Aloha Moe

le blog de Pellegrino_San.

Archive pour février 2011

Gemini Rue est un point-and-click développé par Joshua Nuernberger (étudiant a l’UCLA) et Wadjet Eye Games. Il est sorti le 24 février, et l’ayant tout juste fini je me permets de vous le présenter, même si le jeu a déjà fait un peu parler de lui dans le thread des consommateurs fous.

L’histoire prend place au 23 siècle, la colonisation de l’espace est bien entamée et Gemini Rue nous propose d’incarner deux personnages à tour de rôle : Azriel Odin, qui débarque sur la planète Barracus pour retrouver quelqu’un, et Delta-Six, patient amnésique enfermé dans un hôpital.

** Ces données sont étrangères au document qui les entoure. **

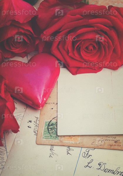 Старинный фон с сердечками и розами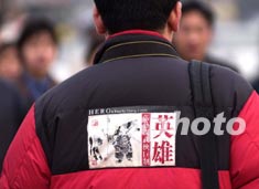 張藝謀執(zhí)導(dǎo)的首部武俠電影《英雄》本月中旬將在北京舉行全球首映式。首映前夕,一位男士身穿貼有《英雄》廣告的冬裝在街頭行走。這部電影的宣傳攻勢可見一斑。作者:張煒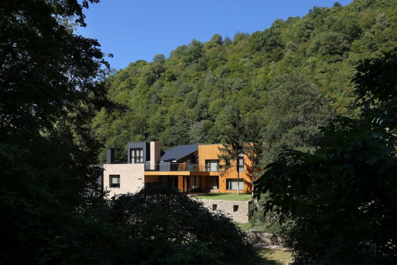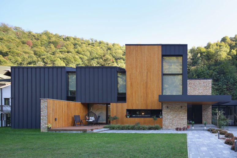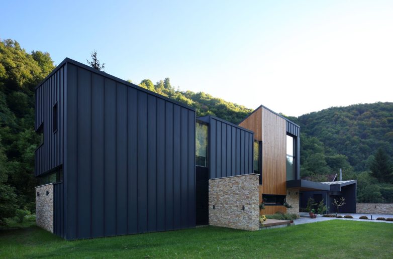 Blizina benzinske pumpe, frekventne saobraćajnice, ali i manjak sunca i višak vlage učinili su da ova kuća dobije dva lica kojima se štiti, odnosno, otvara prema reci i šumi.

La première chose qui frape en lançant le jeu est le parti pris des développeurs concernant les graphismes. En effet, Gemini Rue joue la carte du old school en nous offrant du gros pixel qui tache, poussant le concept jusqu’à faire le menu, l’interface et le logo Widjet Eye Games de cette façon. Il suffit de se souvenir de l’apparence des jeux d’aventure du tout début des années 90 pour savoir ce à quoi ressemble le jeu, et je ne parle pas seulement des graphismes, mais aussi des animations qui sont elles aussi certifiées Atari ST. Bref, c’est moche mais c’est voulu. Pourquoi avoir choisi cette direction artistique, peut-être pour jouer la carte de la nostalgie, peut-être pour démarquer le jeu et faire original. En tout cas on adhère ou pas, et je pense que les joueurs ayant connu une certaine époque ne seront pas insensibles a l’identité graphique de Gemini Rue.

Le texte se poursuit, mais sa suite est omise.